Delivery of ovalbumin into the skin

MN-600 was coated with 30 μl of a solution containing 30 μg ovalbumin (OVA) conjugated with Alexa 488 (Invitrogen, Thermo Fisher Scientific, Waltham, MA, USA) and air-dried. Thereafter they were manually pressed for 1 min onto the stretched skin, pre-cut into 2 × 2 cm pieces, and left on the skin for 1 h at room temperature (Fig. 2C). Then the skin was washed with PBS and punch biopsies (0.5 cm in ∅) were taken at the center of the treated site expanding the whole thickness of the skin, or the skin was further incubated at 37 °C for 24 h (Fig. 2C). Here, the skin specimens were placed on grids (3 cm in ∅) inserted into 6 well plates (Falcon, Corning, NY, USA) containing 2 ml RPMI 1640 medium (Gibco, Thermo Fisher Scientific) and supplemented with 2 mM L-glutamine (Gibco, Thermo Fisher Scientific), 100 IU ml⁻¹ penicillin, 100 μg ml⁻¹ streptomycin, 50 μM β-mercaptoethanol, and 10% heat inactivated fetal calf serum (HyClone, South Logan, UT, USA), ensuring the skin to have contact with media. Thereafter, the skin surface was washed with PBS, and punch biopsies were taken as above. Alternatively, non-coated MNs was manually pressed for 1 min onto the skin, removed and thereafter a drop of 30 μl containing 30 μg OVA-Alexa 488 was applied onto the pierced skin (Fig. 2D). After 1 h at room temperature, the skin was washed with PBS and biopsies were taken, or the skin was further incubated at 37 °C for 24 h in a similar way as above followed by taking punch biopsies (Fig. 2D). As a control, a droplet of 30 μl containing 30 μg OVA-Alexa 488 was applied onto the top of non-pierced skin and incubated at 37 °C for 24 h as above. Thereafter, the skin was washed with PBS and punch biopsies were taken. All biopsies were snap-frozen and stored at −80 °C.

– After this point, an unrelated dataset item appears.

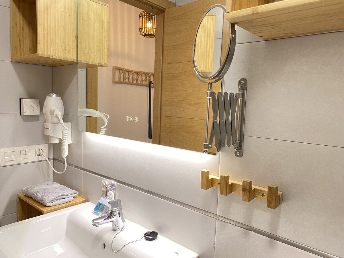The ground floor consists of a bedroom with a double bed, a spacious living room with television with international channels and high-speed Internet. In addition, a fully equipped kitchen with the latest appliances.

For the analysis of the delivery of OVA into the skin, 20 μm-thick cryostat sections were prepared from the biopsies and fixed in cold acetone/H₂O 1 : 1 for 30 s, followed by 5 min in 100% acetone. After washing with PBS, the samples were stained with mouse anti-human CD1a (BD Biosciences, Franklin Lakes, NJ, USA) followed by Alexa Fluor 555 anti-mouse IgG (Invitrogen). Slides were mounted with Vectashield Antifade Mounting Medium (Vector Laboratories, Burlingame, CA, USA), and images of the planes at varying depths within the skin sections (z-scans) were acquired by using confocal microscopy (TCS SP2; Leica Microsystems, Mannheim, Germany).

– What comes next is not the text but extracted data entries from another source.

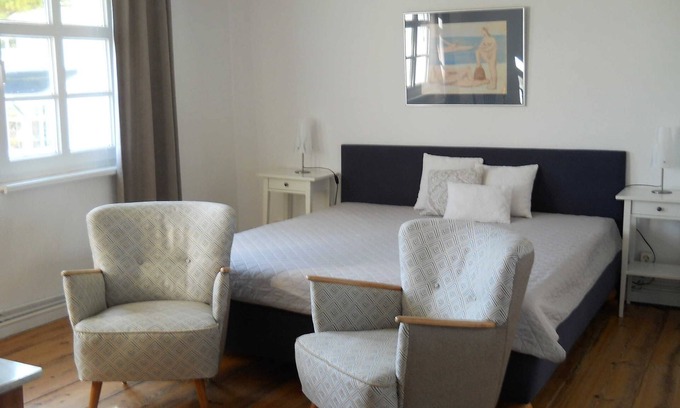 L'appartement Marta avec ses 38 m² provient de l'escalier central commun. La largeur ouverte de la salle fait le charme de la maison, elle semble invitante et gaie. L'appartement dispose d'un grand salon lumineux avec vue sur la mer de 17 m² avec un lit double (180 cm), d'un confortable coin salon avec télévision par satellite et d'une vue sur les vieilles maisons de ville - d'une cuisine adjacente, entièrement équipée (cuisinière avec 3 plaques vitrocéramiques, réfrigérateur, congélateur, Cafetière, grille-pain, mini-four, bouilloire) surplombant les jardins d'Alt-Sassnitz - un cadre ouvert au charme spécial qui associe une zone de repos douillette avec un canapé-lit, adjacent à une cloison, une grande douche et un lavabo - des toilettes séparées - les vieux planchers en bois, avec les portes à cassette d'origine, constituent un élément essentiel du style de cet appartement pour 2 personnes - Wi-Fi.
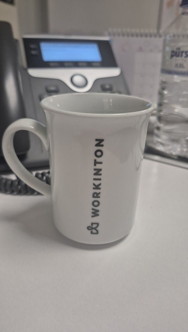 Dikey olarak gri Workinton logosu bulunan beyaz seramik kupa. Sağlam kulplu ve pürüzsüz yüzeylidir, sıcak içecekler için uygundur. ☕
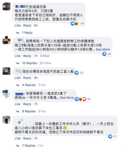 不過,也有許多做過餐飲的網友好心給出意見,表示「現在餐飲業沒有月休8天、實領30k,是很難請到人的」、「做吃的月休起碼都是6~10天」、「我做過很多工作,但只有快遞公司才會月休4天而已。」

Quantitative analysis of released OVA

To quantify the release of OVA loaded onto MN-600 arrays, the MNs were soaked in phosphate buffered saline (PBS) at 2 ml per MN at room temperature. The MNs were removed after 10 min, 30 min, and 1 h, and thereafter dried at 40 °C over night. Each MN array was cut with a sharp knife and split into 9 pieces before further analysis to achieve several data points from the same MN array over time. The weight of OVA left in the MN arrays (n = 3) was analyzed by thermogravimetric analysis (TGA, TGA/DSC 3+ and TGA/SDTA 851e, Mettler-Toledo, Greifensee, Switzerland), whereby the release of OVA into PBS could be estimated. The analyses were performed in aluminum pans between 25 and 600 °C at 5 °C min⁻¹ under an air atmosphere.

Results

Characterization of bioceramic MN-300 and MN-600

The pyramid shape of the needles was similar for MN-300 and MN-600, with a tip diameter of approximately 3 μm (Fig. 3). The higher magnification of the SEM images indicated that the MNs were porous (Fig. 3C and F). The pore size of MN-300 varied from 1.5 μm to 22.4 μm, and the volume average pore size was 11 ± 2 μm (n = 3). The pore size of MN-600 varied from 1.5 μm to 37.4 μm, and the volume average pore size was 12 ± 1 μm (n = 3), see Fig. 4. Thus the pore size distribution and volume average were similar for both MN arrays. The X-ray diffraction patterns (Fig. 5) show that both MN-300 and MN-600 mainly contained gypsum–calcium sulphate dihydrate with some residues of unreacted bassanite–calcium sulphate hemihydrate from the precursor powder.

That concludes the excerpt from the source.